_Stored data:_

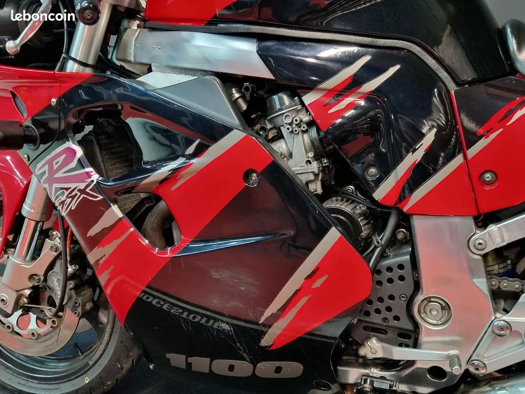 SUZUKI 1100 GSX-R Véhicule en bon état général et révisé pour la vente - Vidange moteur + filtre à huile - Nettoyage du filtre à air (K&N) - 2 pneus très récents - CT OK Moto équipée d'un amortisseur EMC haut de gamme. Strictement aucuns frais à prévoir Parfait état de fonctionnement, mais pas de garantie garage sur ce véhicule. Envoi possible dans toute la France ( en supplément ). Reprise de votre ancien véhicule possible. ---------- REPRISE ---------- Pour une étude veuillez nous envoyer: - Photos récentes d'ensemble + défauts (Rayures, bosses) - Kilométrage - Photo de la carte grise - Frais à effectuer - Date et kilométrage de la dernière révision - Double des clés disponibles? - Numéro de téléphone R’biers Motos 16 Rue la Guerche 85550 Les Herbiers Du Mardi au vendredi de 9h00 à 12h00 et 14h00 à 19h00 et le samedi de 9h00 à 16h30
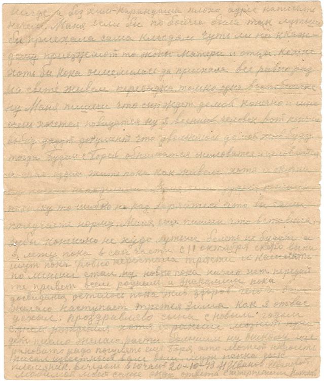 Здравствуйте дорогое и много уважаемое мое семейство Маня Боря Тятя Мама и Кока шлю вам любящий пламенный курсанский привет и горячий поцелуй Затем Маня сообчаю что писмо твое получил которое писано 5 октября зачто сердечно благодарю был очень рад Маня опиши если выдадут копию с квитанции по которой послали 900 руб. номер квитанции число месяц когда посылала а если копию дадут то немедлено пошли ее только сверь с квитанцией жаль деньги ну я не кому Маня не доверял еще (…) (…) (…) (…) (…) спасибо Маме а Бориной бабушке за шерсть она дала на валенки шерсти еще Маня надо бы как то с уметь сдать посылку я на почте спрашивал на своей она говорит кто с умеет примают посылки вобчем стоней с Бабиковой или с Марусей не добетесь ли я в переди писал вам в писмах что послать варежки носки это вас прошу с Мамой а табачку это тятю прошу ну и если есть хим-карандаш были еще из дома поехал когда брал и прошлый год вы в посылке высылали потерял все в бумажнике носил и тут сунул оба в карман и оба потерял, а здесь невидно нигде а без хим-карандаша плохо адрес написать нечем Маня если бы по бойчее была так лутьши бы приехала сама клюдям чуть ли ни ккаждому приезжают то жоны матери и отцы. Комне хоть бы Кока осмелилась да приехала все равно раз на свете живем пересадка только одна в челябинске ну Маня пишеш что сын ждет домой конечно и мне очень хочется повидатся ну я военный человек вот кончим войну дадут документ что увольняюсь домой жив буду тогда Будем с Борей обниматся миловатся и целоватся а счас будем жить пока как живем хотя и скучно ну нечего неподелаеш Маня если удасся послать посылку то шибко не раз заряйтесь ато вы сами получаете норму. Маня еще пишеш что вставила зубы конешно не худо лутьше болеть не будут а я лежу пока в сан части с 11 октября скоро выпишут пока ровно перестала трясти и кашлять по меньше стал. ну нового пока ничего нет передайте привет всем родным и знакомым пока досвиданья остаюсь пока жив здоров чего и вам желаю наступает третья зима как я отвас уехал. проздравляю сына с новым годом с днем рождения хотя и раньше может придет писмо желаю расти большим ну вшколу еще рановато надо погулять еще Боря ато может надоесть писал известный вам ваш муж папка сын племяник. вечером в 10 часов 20-10-43 Н Иванов Ивановой любимой моей семье жду ответа с нетерпением Николай
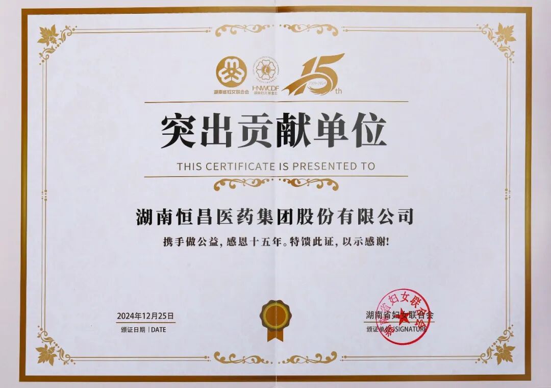 恒昌医药集团荣获湖南省妇联“突出贡献单位”称号
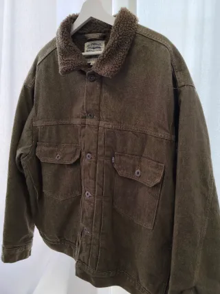 De la línea premium Made & Crafted de Levi’s, reconocida por utilizar tejidos y acabados de mayor calidad que la línea estándar. Modelo: 75505 (derivado del clásico Type III Trucker) Color: Moss Rock/Verde Oliva Talla: XL (fit estándar) Fabricada en Turquía Exterior: 100% algodón orgánico Parte superior: forro tipo sherpa Parte inferior y mangas: forro acolchado Silueta estructurada Type III con herrajes mate y color Moss Rock de temporada. Compré nueva en 2022 y pagué 200 €. Usada solo cuatro veces. Como nueva.
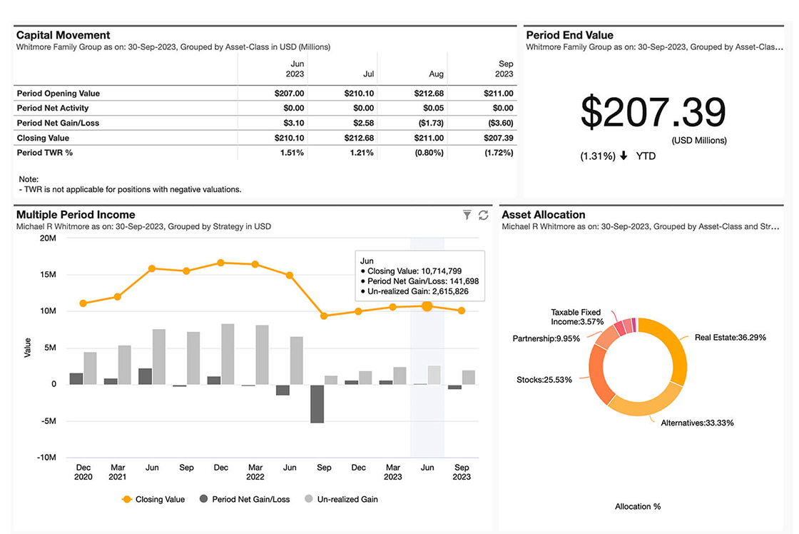 Track your asset allocation and portfolio performance for all asset classes and strategies with their underlying investments across all entities.
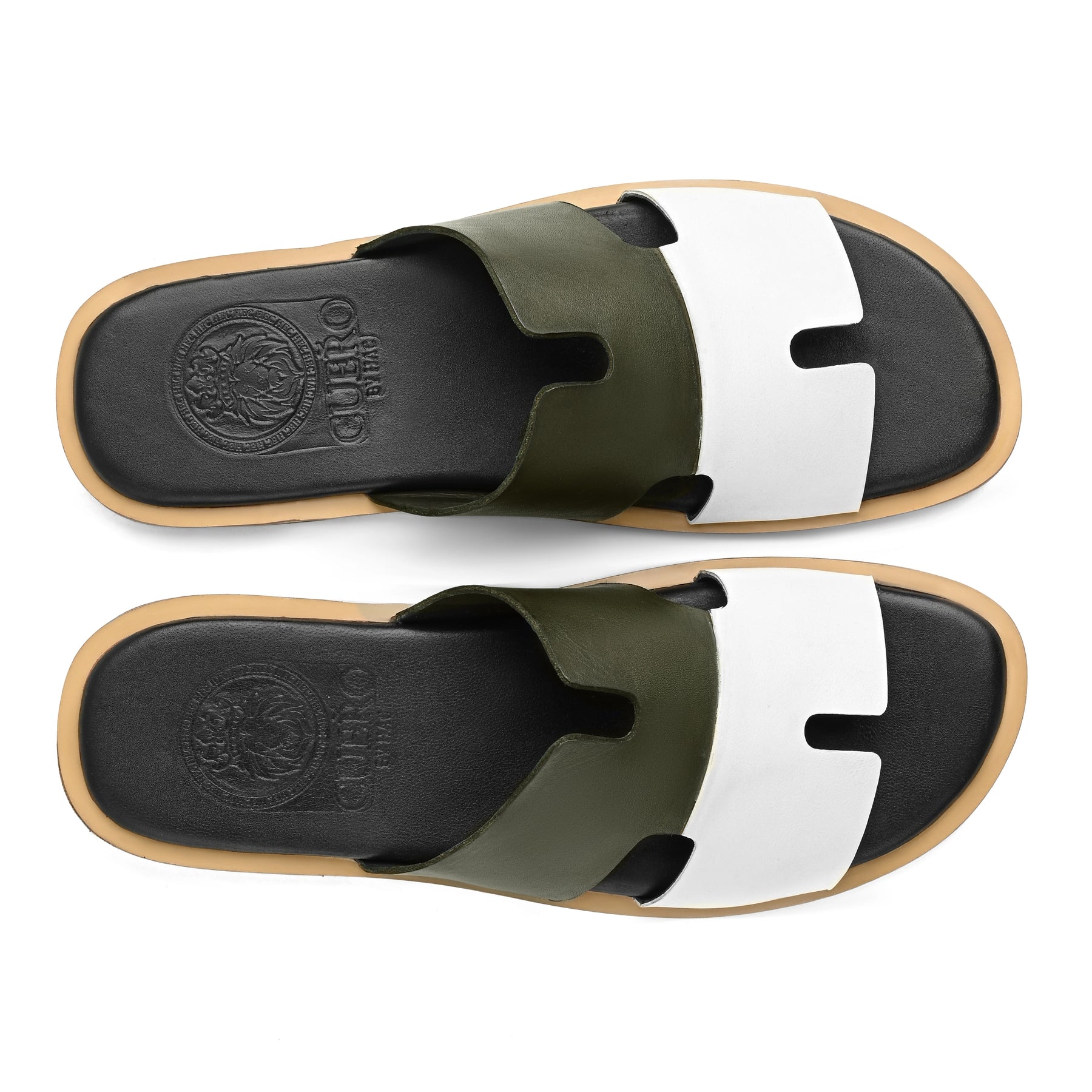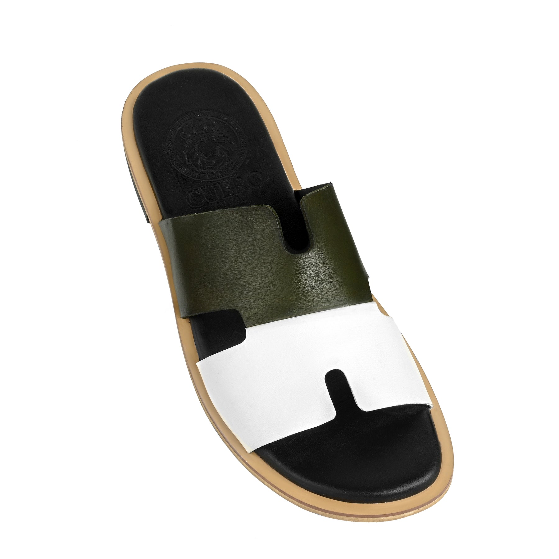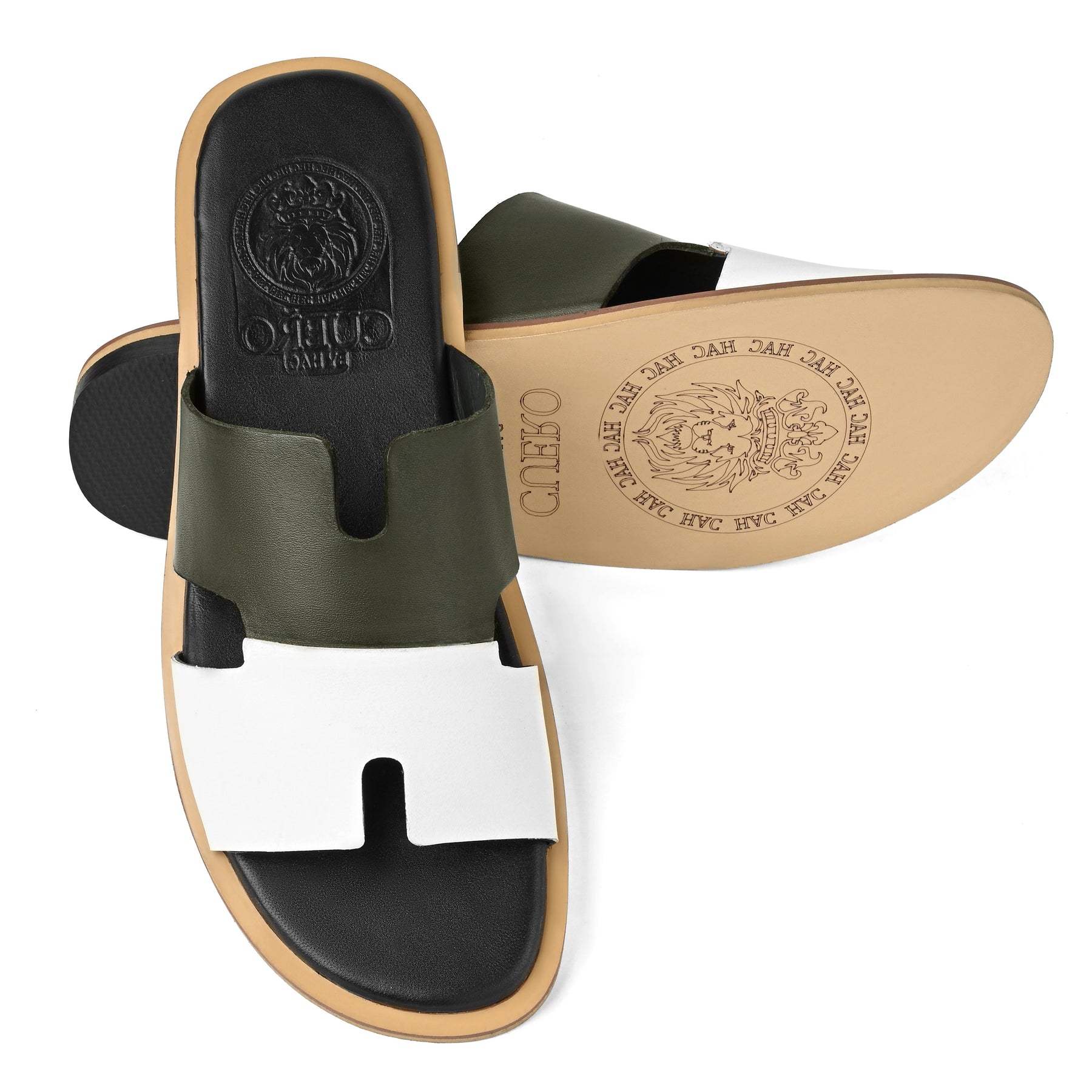 All-Leather Upper:Premium two-tone leather straps (olive green + white)

_Work item:_
Retype exactly, and only, the lines from the one containing "De la línea" through the end of the records above. Pictures stay out of the copy.

_Solution for this task:_
 De la línea premium Made & Crafted de Levi’s, reconocida por utilizar tejidos y acabados de mayor calidad que la línea estándar. Modelo: 75505 (derivado del clásico Type III Trucker) Color: Moss Rock/Verde Oliva Talla: XL (fit estándar) Fabricada en Turquía Exterior: 100% algodón orgánico Parte superior: forro tipo sherpa Parte inferior y mangas: forro acolchado Silueta estructurada Type III con herrajes mate y color Moss Rock de temporada. Compré nueva en 2022 y pagué 200 €. Usada solo cuatro veces. Como nueva.
 Track your asset allocation and portfolio performance for all asset classes and strategies with their underlying investments across all entities.
 All-Leather Upper:Premium two-tone leather straps (olive green + white)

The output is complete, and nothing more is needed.